TEHRAN: Iranian authorities have released on bail two senior reformist figures who were arrested in recent days following anti-government protests in January, local media reported.
“Javad Emam and Ebrahim Asgharzadeh were released a few minutes ago after posting bail,” their lawyer, Hojjat Kermani, said in an interview with the ISNA news agency published on Thursday evening.
Asgharzadeh is a former member of parliament and Emam is the spokesman of the Reformist Front, the main coalition of the reformist camp.
They were accused of “undermining national unity” and “coordinating with enemy propaganda,” the Fars news agency reported at the time of their arrests.

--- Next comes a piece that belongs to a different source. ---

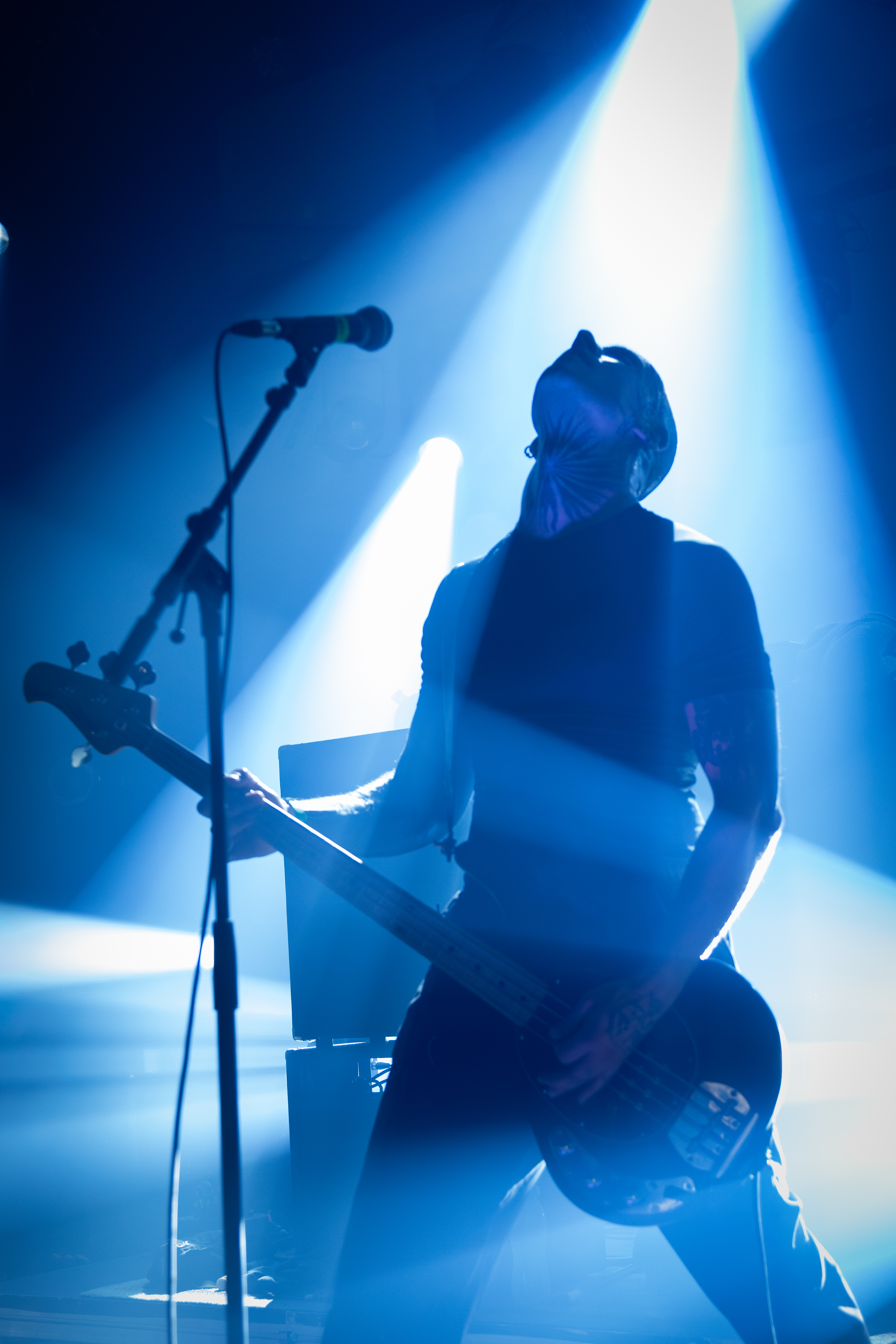 À vrai dire, la musique atmosphérique du trio est lente à démarrer en concert, et ne décolle parfois jamais. Aucune ambiance, présence ni aucun accessoire sur scène, comme de la fumée, ne vient embellir la prestation post-metal molle du groupe de la Klonosphère. Quelques rares moments de groove de basse (sur « Résilience 2021 ») et des accords puissants (parfois sortis de nulle part comme sur le nouveau titre « Fall Over ») viennent me sortir de mon ennui, mais je ne suis pas aussi pris aux tripes sur le beau « Précipice » que sur le disque. Le manque de violoncelliste, entendu seulement via des samples aujourd’hui, se fait cruellement ressentir.

Reformists traditionally call for more social freedoms and the establishment of a civil society and backed current president Masoud Pezeshkian during his 2024 campaign.
The lawyer expressed hope that the release of Azar Mansouri, head of the Reform Front since 2023 could come “in the next few days when her arrest warrant is revoked.”
Mansouri, 60, an adviser to reformist former president Mohammad Khatami, was arrested on Sunday alongside two other reformists.
The arrests come weeks after deadly protests erupted across the country, in which thousands of people died and many more were more arrested.
In 2009, Emam was one of the campaign managers for Mir Hossein Mousavi, a leading figure in the Iranian opposition and former prime minister, who has been under house arrest since 2011.